You are using a degraded or very impure cinnamon bark that does not contain very much cinnamaldehyde. Is there a way you can test a different batch? What does the distillation smell like? What does the condensate smell like?
Other possibilities I haven't thought of...
Second, third and fourth: What is a good solvent to use other than DCM/ether?
The intended application of the solvent is extraction of cinnamaldehyde from an aqueous emulsion of the water-insoluble cinnamaldehyde. Thus, the main criterion for the solvent is that it be insoluble in water. If it isn't insoluble, adding it to the aqueous emulsion will just dilute the emulsion. Nothing will be transferred from one phase to the other, because there will only be one phase.
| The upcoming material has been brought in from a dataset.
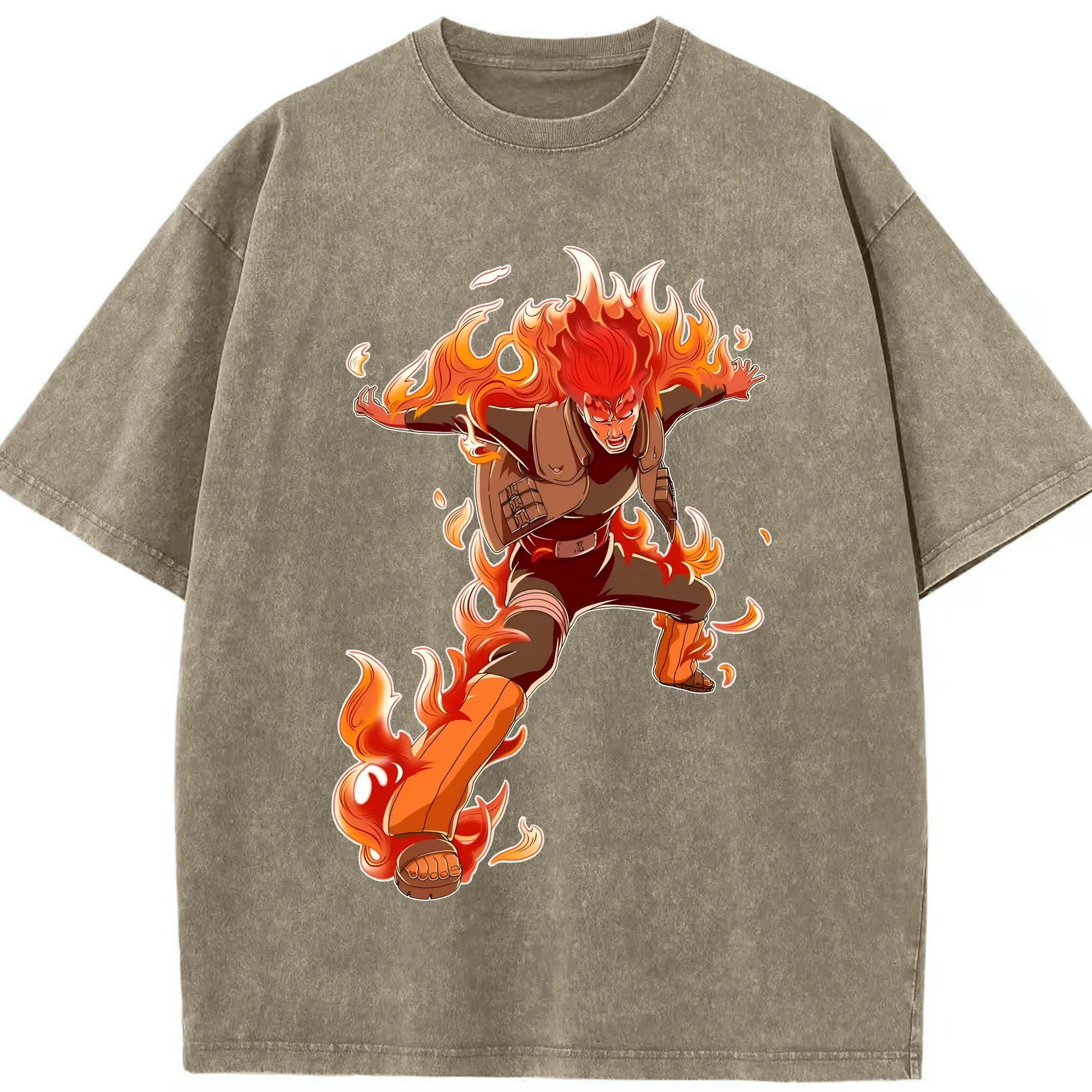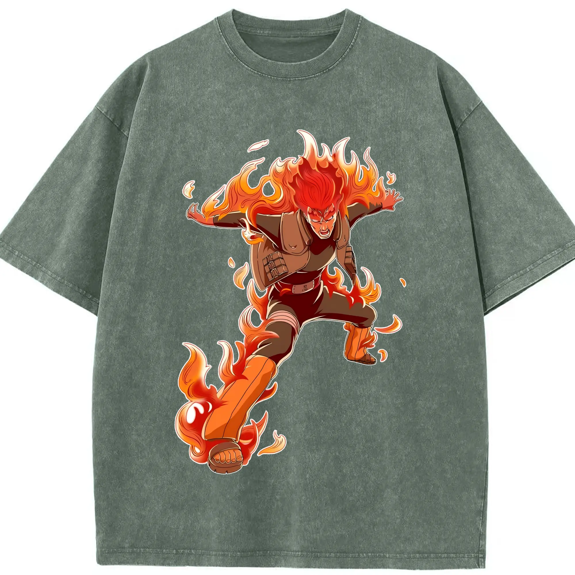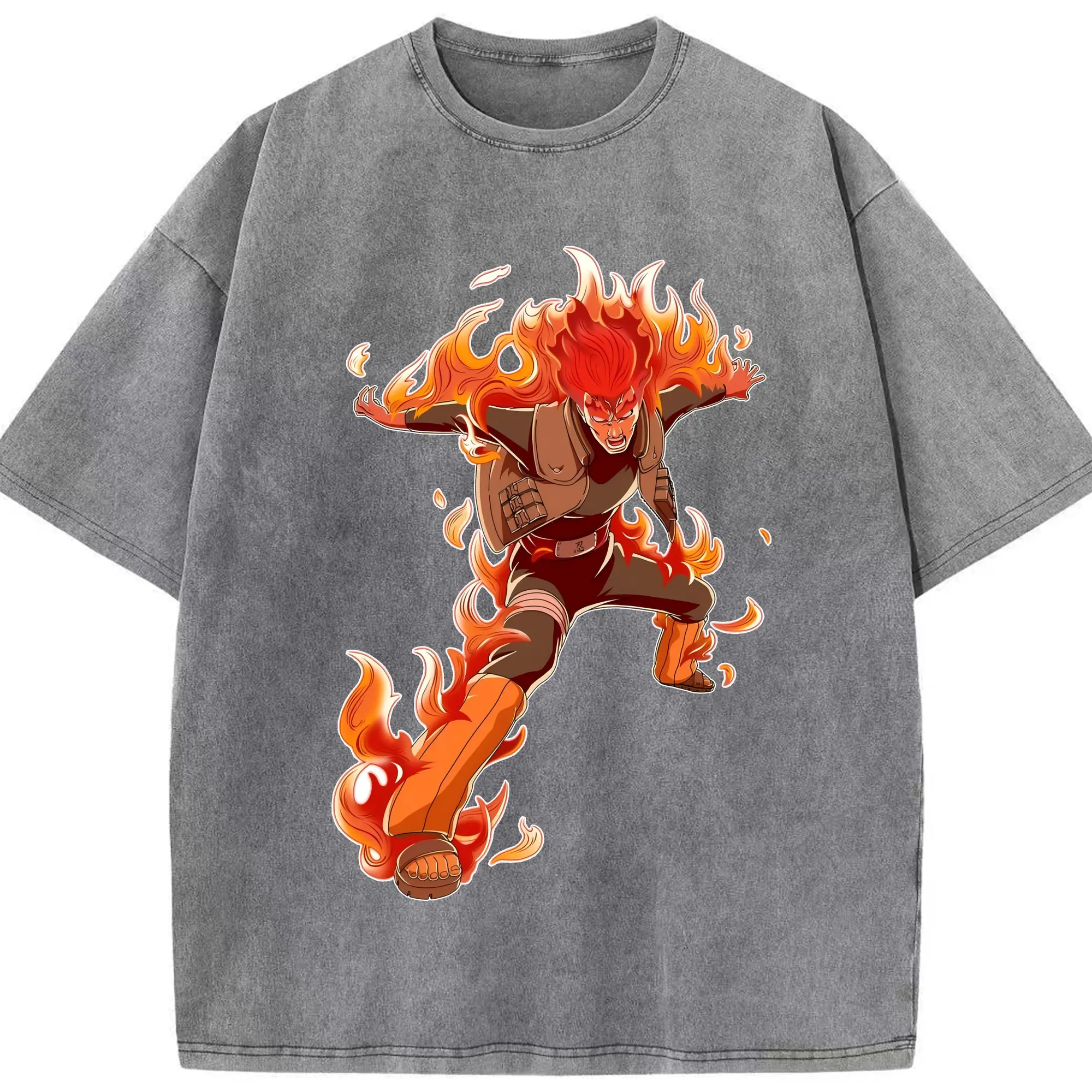 ナルト グッズ マイト・ガイ - 綿100% ヴィンテージ風 半袖Tシャツ ・ 背面プリント ・ 柔らか肌触り ・ 通気性 快適 ・ スポーツ カジュアル 外出用

A secondary feature of DCM in the video is that it is heavier than water. This means that in the separatory funnel, the DCM/cinnamaldehyde layer will be lower than the aqueous layer. In this particular extraction, the aqueous layer is repeatedly washed with fresh DCM, and the DCM layer is removed each time. Doing this is a bit easier if the solvent layer is the bottom layer. If it were the aqueous layer at the bottom of the funnel, each wash with the 60 mL of solvent would require draining the aqueous layer into one flask, then draining the solvent/cinnamaldehyde layer into another flask, then re-adding the water to the separatory funnel and washing it with fresh DCM, etc. This requires more flasks and more manipulations than just being able to leave the aqueous phase in the funnel the whole time.
I have isopropyl, methanol, acetone and naphtha [available].
Now that you know why DCM makes a good solvent, you can probably see why methanol wasn't a great choice. It is miscible with water, so that explains why you didn't get multiple layers. Of the solvents you have, only one, naptha, is immiscible with water. The other two, isopropanol and acetone, are miscible with pure water, but are not miscible with very salty water. So you might be able to extract the cinnamaldehyde by adding a lot of salt such as calcium chloride, magnesium sulfate, or sodium chloride to the distillate, and then trying to wash the now-salty emulsion of cinnamaldehyde to the solvent for washing and phase separation. However this is likely to be more difficult than if you could access DCM. (Getting DCM may be less difficult than you think, by the way.)
I'm having difficulty understanding what the guy is doing after separation. I've watched the video several times but it still makes little sense to me.
I don't know what part is confusing or exactly what "separation" you mean when you say "after the separation". But if you mean after the separatory funnel phase separations, then roughly the steps are:
"Drying" the DCM solvent. Even though DCM and water don't completely mix (they form two phases, which, as explained above, is the reason why it works to extract cinnamalehyde from an aqueous emulsion), some water does leach into the DCM phase during the separation. "Washing" the DCM with brine helps rid the DCM of the small amounts of water dissolved in it after the phase separation. Adding calcium chloride powder to the DCM is an even more effective drying agent that removes the last bit of water from the DCM.
DCM distillation. After drying the DCM, all the cinnamaldehyde is still dissolved in a (now "dry" or water-free) DCM phase. To get rid of the DCM and obtain the pure cinnamaldehyde oil, another simple distillation is performed. Because DCM boils at around 40 °C and cinnamaldehyde doesn't boil until 248 °C, it is fairly easy to remove nearly all the DCM by simple distillation, leaving the oil.
NMR. The very end shows a proton NMR of the oil. This is something that requires big fancy equipment and won't be possible for home chemists. Don't worry about it and enjoy your cinnamaldehyde!